I wish they clarified whether this claim that humans have a 5.1% error rate is in "listen to this sentence once and transcribe it" or "study this recording however you like and transcribe it."
edit: They talk about this in the arxiv paper:
>The transcription protocol that
was agreed upon was to have three independent transcribers
provide transcripts which were quality checked by a fourth senior transcriber. All four transcribers are native US English speakers and were selected based on the quality of their work on past transcription projects.
>...The transcription time was estimated at 12-14 times realtime (xRT) for the first pass for Transcribers 1-3 and an additional 1.7-2xRT for the second quality checking pass (by Transcriber 4). Both passes involved listening to the audio multiple times: around 3-4 times for the first pass and 1-2 times for the second.
I spent a hack weekend recently using this API as part of a project to help with collaborating on usability testing reviews.
Upload a video, it strips out the audio, pushes to Watson for transcription, converts the result to a caption/subtitle track, and then allows people to comment on the discussion (like Google Docs).
I plan to polish it up a little and open source it soon.

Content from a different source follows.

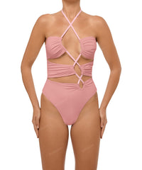 - Detail Feature: Asymmetric cut out one piece, Ruching detail, Adjustable criss cross halter neck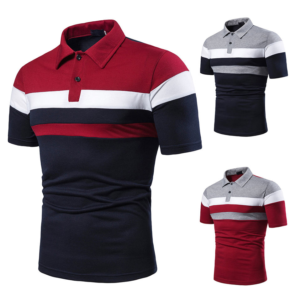 Camisa Polo de Manga Corta con Solapa de Color Patchwork OEM, Bordado Empresarial, Algodón, Nueva Tendencia de Moda, Camisas Polo Tipo Pullover

Additionally, if you're using WebVVT format subtitles, I'd be interested in merging that code into the appropriate SDK. They're all on GitHub if you'd like to send us a PR: https://github.com/watson-developer-cloud/ (I'm on the team that is responsible for these.)
It would be great to see one of these frameworks offered as an offline solution. Right now the only options are WSR/Sphinx4, which have significant accuracy issues, and Nuance's products, which are extremely unfriendly to developers.
It's great to see the improvements in this area. The voice recognition (if not the natural language processing) in systems like Amazon's Echo are pretty decent at this point for basic commands.
That said, I've tried the computer speech to text systems for transcribing interviews. And even with just one person talking they're nowhere good enough for me to use. Even budget human transcription (e.g. CastingWords) is just so much better that it's nowhere worth my time to use a machine-based system.
Also, these are cost prohibitive to use in apps widely or without limitations. Currently, Google Speech to Text is relatively cheaper at $1 for 166 messages. Source: https://cloud.google.com/speech/pricing
Cost prohibitive? IBM seems to be ~16 hours free then 2 cents/minute. Google is 1 hour free then 2.4 cents/minute.
I can't see anything that says how IBMs minutes are done though, whether every message is rounded to 1 minute or not. Edit - based on a comment from someone at IBM in this thread, they're not rounded up to a minute, rather only at the end of the month is the total time rounded. I can't see how they'd be more expensive than google.
Interesting. I worked for a company that did retail speech recognition in the late 90s, I should look up how much that cost in comparison to see how the economics are shaking out.
Ahh interesting. I like the subscription model from the perspective of the business. Seems like it would prohibit signing up for the low-volume user though, right?
Code is at https://github.com/watson-developer-cloud/speech-javascript-...
Simple demos at http://watson-speech.mybluemix.net/
More complex demo at https://speech-to-text-demo.mybluemix.net/
I'm goin to be out some this evening but feel free to ask me questions and I'll answer them as available.